§ **WHAT THIS TASK INVOLVES**: Scan the records for the string "recommend". State how many lines contain it and add nothing.

§ **AVAILABLE RECORDS**:
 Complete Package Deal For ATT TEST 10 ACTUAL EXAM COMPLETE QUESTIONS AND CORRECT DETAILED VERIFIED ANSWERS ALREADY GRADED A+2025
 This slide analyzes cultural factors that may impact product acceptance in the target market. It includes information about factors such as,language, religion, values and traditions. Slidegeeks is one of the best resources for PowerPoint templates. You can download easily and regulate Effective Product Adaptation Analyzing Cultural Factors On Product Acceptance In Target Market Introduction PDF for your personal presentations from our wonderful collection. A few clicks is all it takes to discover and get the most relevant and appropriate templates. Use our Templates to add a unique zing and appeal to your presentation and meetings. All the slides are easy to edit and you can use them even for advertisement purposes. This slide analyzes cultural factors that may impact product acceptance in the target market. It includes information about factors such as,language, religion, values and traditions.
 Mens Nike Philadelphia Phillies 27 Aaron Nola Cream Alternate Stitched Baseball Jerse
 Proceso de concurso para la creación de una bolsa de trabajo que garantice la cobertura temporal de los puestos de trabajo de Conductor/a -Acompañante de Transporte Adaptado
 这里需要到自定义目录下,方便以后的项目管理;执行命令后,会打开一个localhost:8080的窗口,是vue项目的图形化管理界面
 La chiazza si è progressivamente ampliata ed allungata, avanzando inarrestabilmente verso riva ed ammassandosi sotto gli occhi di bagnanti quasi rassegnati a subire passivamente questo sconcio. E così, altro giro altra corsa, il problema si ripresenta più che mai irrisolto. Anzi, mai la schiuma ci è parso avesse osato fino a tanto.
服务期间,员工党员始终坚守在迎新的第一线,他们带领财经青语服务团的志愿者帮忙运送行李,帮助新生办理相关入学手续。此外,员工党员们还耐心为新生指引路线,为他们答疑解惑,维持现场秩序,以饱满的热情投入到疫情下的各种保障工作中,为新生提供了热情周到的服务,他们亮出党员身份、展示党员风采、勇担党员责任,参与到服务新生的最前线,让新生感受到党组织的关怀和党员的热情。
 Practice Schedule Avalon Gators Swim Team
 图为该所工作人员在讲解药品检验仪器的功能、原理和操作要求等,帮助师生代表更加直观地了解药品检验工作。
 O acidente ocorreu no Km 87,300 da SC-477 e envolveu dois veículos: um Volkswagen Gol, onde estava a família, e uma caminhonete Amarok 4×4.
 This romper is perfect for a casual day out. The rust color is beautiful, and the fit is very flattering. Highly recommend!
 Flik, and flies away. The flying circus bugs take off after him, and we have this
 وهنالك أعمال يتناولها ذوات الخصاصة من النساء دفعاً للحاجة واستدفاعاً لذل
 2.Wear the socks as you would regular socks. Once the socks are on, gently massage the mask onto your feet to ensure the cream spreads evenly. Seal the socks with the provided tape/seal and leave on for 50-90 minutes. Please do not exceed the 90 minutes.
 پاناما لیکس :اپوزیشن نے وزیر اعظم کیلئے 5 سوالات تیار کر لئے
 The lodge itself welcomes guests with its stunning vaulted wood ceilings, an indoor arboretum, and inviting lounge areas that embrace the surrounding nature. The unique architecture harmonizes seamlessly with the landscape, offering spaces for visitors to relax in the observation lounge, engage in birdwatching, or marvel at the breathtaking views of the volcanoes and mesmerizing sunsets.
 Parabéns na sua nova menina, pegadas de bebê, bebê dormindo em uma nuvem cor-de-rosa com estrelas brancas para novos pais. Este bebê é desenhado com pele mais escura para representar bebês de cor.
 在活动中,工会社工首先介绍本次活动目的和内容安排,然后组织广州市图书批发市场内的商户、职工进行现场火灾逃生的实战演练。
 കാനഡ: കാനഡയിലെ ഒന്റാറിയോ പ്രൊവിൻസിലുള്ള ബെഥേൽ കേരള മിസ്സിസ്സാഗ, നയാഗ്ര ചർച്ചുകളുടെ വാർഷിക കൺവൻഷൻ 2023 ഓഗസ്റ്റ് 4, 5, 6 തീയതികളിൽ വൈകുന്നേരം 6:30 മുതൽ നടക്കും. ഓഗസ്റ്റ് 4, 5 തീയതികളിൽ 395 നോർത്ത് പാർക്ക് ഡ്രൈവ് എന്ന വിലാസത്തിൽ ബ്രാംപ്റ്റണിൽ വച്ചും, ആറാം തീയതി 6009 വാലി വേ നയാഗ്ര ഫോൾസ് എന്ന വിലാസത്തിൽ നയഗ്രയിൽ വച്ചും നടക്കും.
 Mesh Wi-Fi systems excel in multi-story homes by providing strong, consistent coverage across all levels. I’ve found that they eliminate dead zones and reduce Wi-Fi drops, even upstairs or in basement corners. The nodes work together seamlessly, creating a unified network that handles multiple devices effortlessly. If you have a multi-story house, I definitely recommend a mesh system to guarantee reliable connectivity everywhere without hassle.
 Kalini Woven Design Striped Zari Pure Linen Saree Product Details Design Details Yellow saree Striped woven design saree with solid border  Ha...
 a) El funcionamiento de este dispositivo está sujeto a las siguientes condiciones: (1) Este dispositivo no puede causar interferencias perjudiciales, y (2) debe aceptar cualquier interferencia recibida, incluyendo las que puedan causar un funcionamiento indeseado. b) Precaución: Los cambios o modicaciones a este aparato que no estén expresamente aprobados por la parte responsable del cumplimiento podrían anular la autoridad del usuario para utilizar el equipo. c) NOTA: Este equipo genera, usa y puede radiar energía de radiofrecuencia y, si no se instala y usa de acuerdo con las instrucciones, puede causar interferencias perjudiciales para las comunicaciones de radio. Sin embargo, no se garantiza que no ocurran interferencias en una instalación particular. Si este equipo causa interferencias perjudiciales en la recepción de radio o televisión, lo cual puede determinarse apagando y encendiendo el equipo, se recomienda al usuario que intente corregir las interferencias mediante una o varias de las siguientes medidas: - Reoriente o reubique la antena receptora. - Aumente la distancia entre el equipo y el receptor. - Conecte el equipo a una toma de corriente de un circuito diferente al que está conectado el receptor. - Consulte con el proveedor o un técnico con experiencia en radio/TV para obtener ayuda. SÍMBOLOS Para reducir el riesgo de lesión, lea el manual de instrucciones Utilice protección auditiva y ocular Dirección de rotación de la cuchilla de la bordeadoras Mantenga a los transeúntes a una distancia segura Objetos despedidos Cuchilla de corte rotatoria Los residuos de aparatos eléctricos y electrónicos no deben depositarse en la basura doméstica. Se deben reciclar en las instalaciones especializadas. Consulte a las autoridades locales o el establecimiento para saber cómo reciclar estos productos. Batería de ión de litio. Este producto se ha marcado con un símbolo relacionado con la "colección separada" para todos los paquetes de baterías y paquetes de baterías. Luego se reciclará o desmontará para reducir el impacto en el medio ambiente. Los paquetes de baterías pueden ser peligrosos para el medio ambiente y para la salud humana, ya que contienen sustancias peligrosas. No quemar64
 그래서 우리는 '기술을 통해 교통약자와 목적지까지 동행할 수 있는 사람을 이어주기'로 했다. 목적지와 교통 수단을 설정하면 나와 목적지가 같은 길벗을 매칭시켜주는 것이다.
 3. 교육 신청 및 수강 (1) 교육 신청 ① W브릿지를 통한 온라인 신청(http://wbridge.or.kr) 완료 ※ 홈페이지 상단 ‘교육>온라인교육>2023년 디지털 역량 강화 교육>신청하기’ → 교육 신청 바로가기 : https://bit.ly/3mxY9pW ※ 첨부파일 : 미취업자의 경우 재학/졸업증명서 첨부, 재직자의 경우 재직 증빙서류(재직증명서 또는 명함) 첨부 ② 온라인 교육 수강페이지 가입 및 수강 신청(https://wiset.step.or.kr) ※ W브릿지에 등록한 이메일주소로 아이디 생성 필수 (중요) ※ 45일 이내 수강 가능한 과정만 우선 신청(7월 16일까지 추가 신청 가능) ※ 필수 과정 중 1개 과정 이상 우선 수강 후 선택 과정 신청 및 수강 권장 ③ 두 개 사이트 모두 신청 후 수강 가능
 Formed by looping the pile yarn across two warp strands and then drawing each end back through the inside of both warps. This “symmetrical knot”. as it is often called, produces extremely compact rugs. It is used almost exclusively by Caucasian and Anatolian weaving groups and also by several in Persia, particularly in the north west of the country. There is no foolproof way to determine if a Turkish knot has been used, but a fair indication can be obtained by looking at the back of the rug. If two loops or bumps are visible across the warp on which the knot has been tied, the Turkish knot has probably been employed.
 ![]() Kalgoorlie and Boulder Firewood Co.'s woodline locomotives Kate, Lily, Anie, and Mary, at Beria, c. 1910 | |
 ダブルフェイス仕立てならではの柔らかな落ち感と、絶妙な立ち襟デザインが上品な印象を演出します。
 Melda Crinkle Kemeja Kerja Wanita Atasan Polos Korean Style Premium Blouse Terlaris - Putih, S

§ **SOLVED EXERCISE**: 2